John 3.27-42
Tolstoy in his novel War and Peace wrote that a battle can turn in a “Hurrah”. The Hurrah represents a changed contrasting attitude compared to the disposition of all around. It stands for a different vision of what is before them. It is grasping the positive when all around is negative. Suddenly the world seems different and the “Hurrah” enthuses, encourages and conveys a new sense of reality. Belief in Jesus can be that “Hurrah” as we see in the Samaritan woman when the penny drops and she realizes that the man before her is the Messiah she and all her people have been waiting for. She believed him when he said, ‘I who speak to you am he’. John 4.26
Jesus’ disciples returned from town with food just as he made that confession to the woman. It reads as if they barged in breaking the intimate profound moment oblivious to the significance of the event that had taken place and not caring. ‘No one said, “What do you seek?” or “Why are you talking with her?”’ John 4.27 Their preoccupation was with the mundane and the everyday. Food was their dominant thought. ‘Meanwhile the disciples were urging him, saying, “Rabbi, eat.”’ John 4.31
The woman though had just had her view of the world changed by her encounter with Jesus. She was a convert in the first flush of excitement. The mundane, such as collecting water, had fallen away and she was bursting to share her new-found faith and introduce others to Jesus. What a contrast with the disciples. ‘The woman left her water jar and went away into town and said to the people, “Come, and see a man who told me all that I ever did. Can this be the Christ?”’ Counter culturally we have in essence the woman being the evangelist. She was doing what all can do and so frequently do not do. She was inviting people to discover Jesus for themselves.
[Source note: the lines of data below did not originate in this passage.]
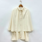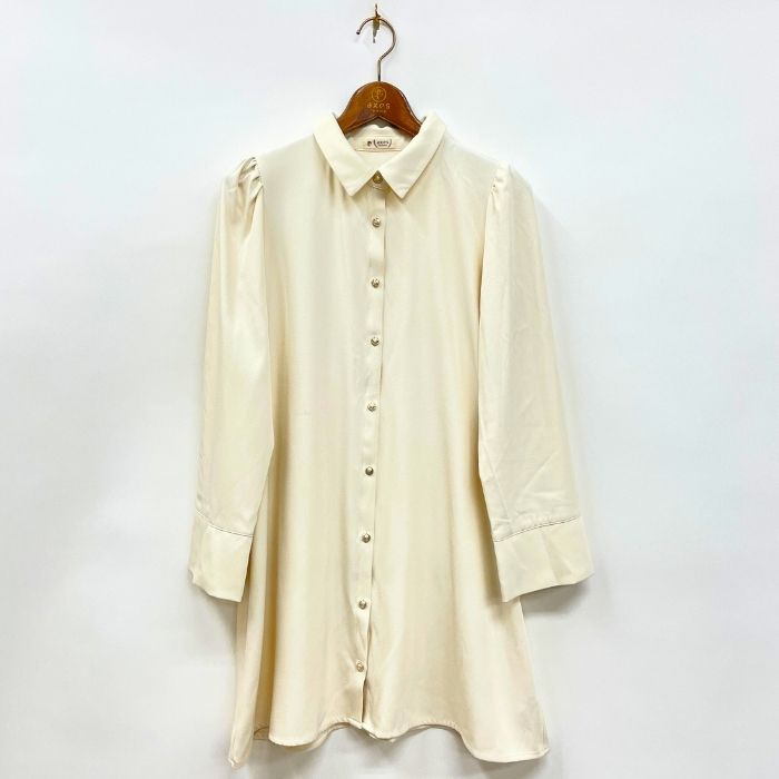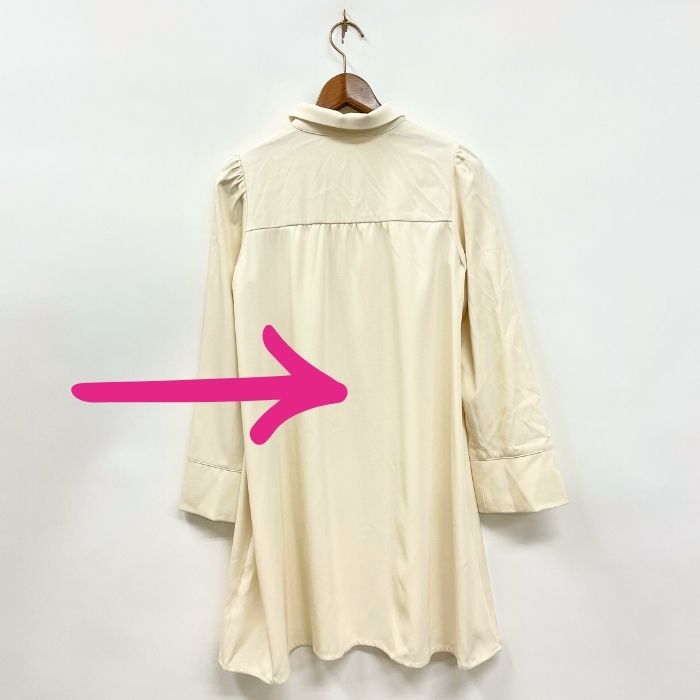 外すとシンプルなシャツワンピースです。ウエストの付属リボンも取り外しが可能です。
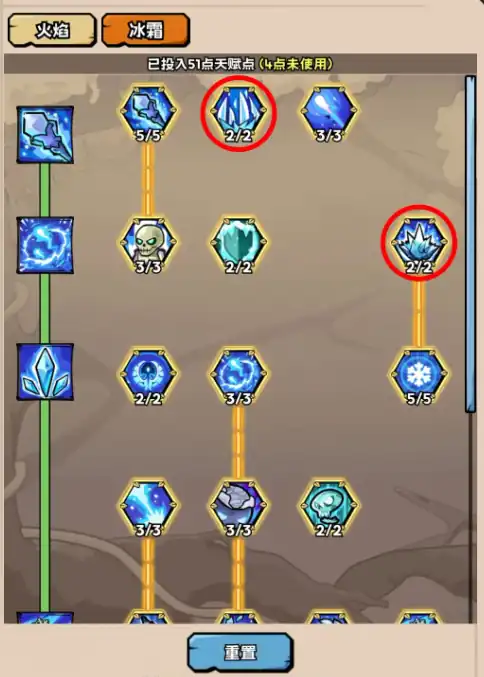 此外冰环也是一个很厉害的控制招式,能提供群攻伤害还可以帮助冻住怪物的同时减少自身伤害,打boss时也可以相应进行调整,最后冰法的加点方面,可以如下图,优先点红框内的。
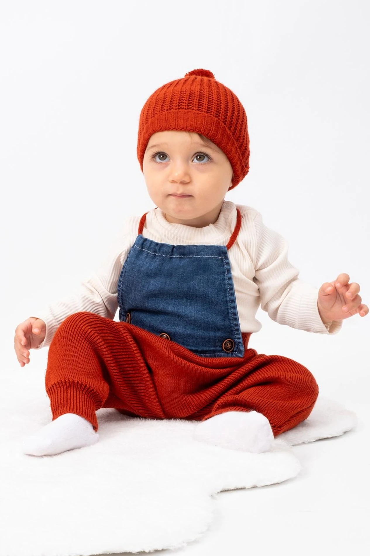 Bere Kaşkorse Badili ve Triko Pantolon Kot Detaylı Salopet Kışlık Kız Bebek-Çocuk Takım
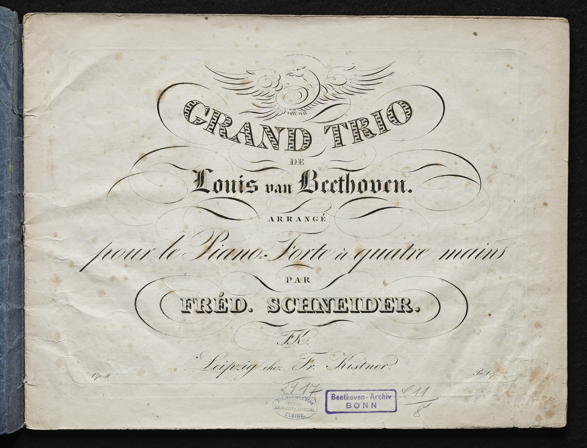 Ludwig van Beethoven, Trio für Klavier, Klarinette (Violine), Violoncello (B-Dur) op. 11, Bearbeitung für Klavier zu 4 Händen von Friedrich Schneider, Kistner, 87

Jesus and the woman now shared the same vision inspired by the Holy Spirit. It was a vision of a harvest of people for salvation. Is it too strong a term to say that Jesus rebuked his disciples when he said, ‘I have food to eat that you do not know about’? He was referring to the Spirit of God empowering him to preach the gospel. This was his calling and purpose. The disciples like the woman at the beginning of her encounter were preoccupied with the everyday and literal understanding of his words.
You can feel Jesus frustration coming through the words, ‘Look, I tell you, lift up your eyes, and see that the fields are white for harvest. Already the one who reaps is receiving wages and gathering fruit for eternal life, so that the sower and reaper may rejoice together.’ john 4,36,37 He was drawing on the imagery in Amos 9.13 which also describes the abundance of the new age. Men and woman from the Samaritan town responded to the woman’s invitation to come and see Jesus. Their salvation was Jesus’ total priority and he stayed two days teaching. As a result, many believed. They believed because they encountered Jesus for themselves and the Holy Spirit spoke into their hearts. ‘They said to the woman. “It is no longer because of what you said that we believe, for we have heard for ourselves, and we know that this is indeed the Saviour of the World.”’ John 4.42
Are we preoccupied with the everyday or do we share Jesus’ vision for the gospel?
As a church have we stopped inviting people to meet Jesus?
Do we think that we are not sufficient in some way to invite people to meet Jesus?
Where does reaching people with the gospel rate in our priorities as a church?